▼

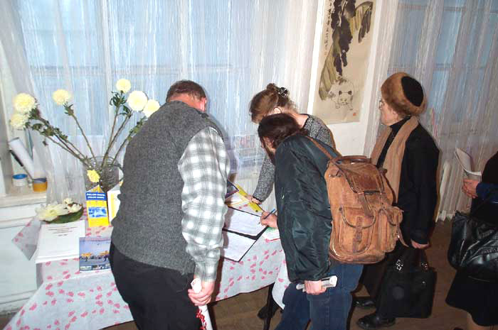 参观者们都拿到了SOS真相报纸,很多人都在支持法轮功的征集签名簿上签了字。因为来参观的人太多, 学员们全都忙着向人们介绍大法与在中国正在进行的迫害,放签字簿的桌子旁已经没有大法弟子值班了,可是放签字簿的桌子前却经常能看到参观者为等待签名表示支持法轮功而自觉排起来的队伍。甚至有些人只是偶尔听到了学员向其他参观者讲述关于迫害法轮功的事时, 自己就主动走到签字簿旁签字表示支持法轮功。还有什么能比看到一个生命正确摆放了自己将来的位置更让人高兴的呢。
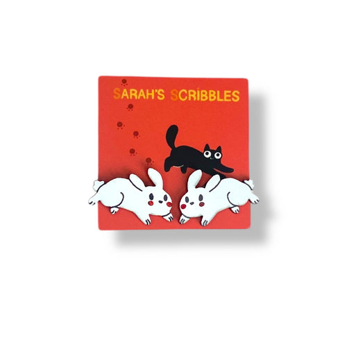 It's round two with illustrator Sarah's Scribbles! We collaborated with Sarah's Scribbles to make cute lil' bunnies in time for Easter, but rabbits are a year round thing so feel free to wear these earrings all the time.
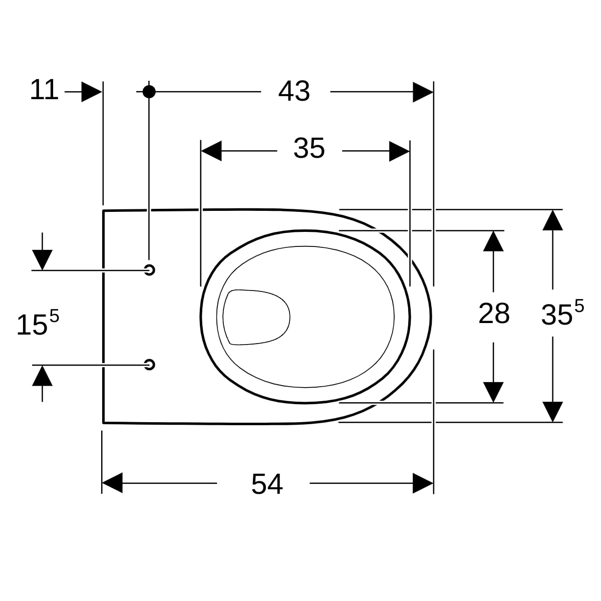 Lochabstand Befestigung Wand-WC (cm)

▲

*Problem statement:* Copy nothing but the lines from the top of the material through the line holding "It's round two", exactly as written; omit pictures.

*Result for this task:*
 参观者们都拿到了SOS真相报纸,很多人都在支持法轮功的征集签名簿上签了字。因为来参观的人太多, 学员们全都忙着向人们介绍大法与在中国正在进行的迫害,放签字簿的桌子旁已经没有大法弟子值班了,可是放签字簿的桌子前却经常能看到参观者为等待签名表示支持法轮功而自觉排起来的队伍。甚至有些人只是偶尔听到了学员向其他参观者讲述关于迫害法轮功的事时, 自己就主动走到签字簿旁签字表示支持法轮功。还有什么能比看到一个生命正确摆放了自己将来的位置更让人高兴的呢。
 It's round two with illustrator Sarah's Scribbles! We collaborated with Sarah's Scribbles to make cute lil' bunnies in time for Easter, but rabbits are a year round thing so feel free to wear these earrings all the time.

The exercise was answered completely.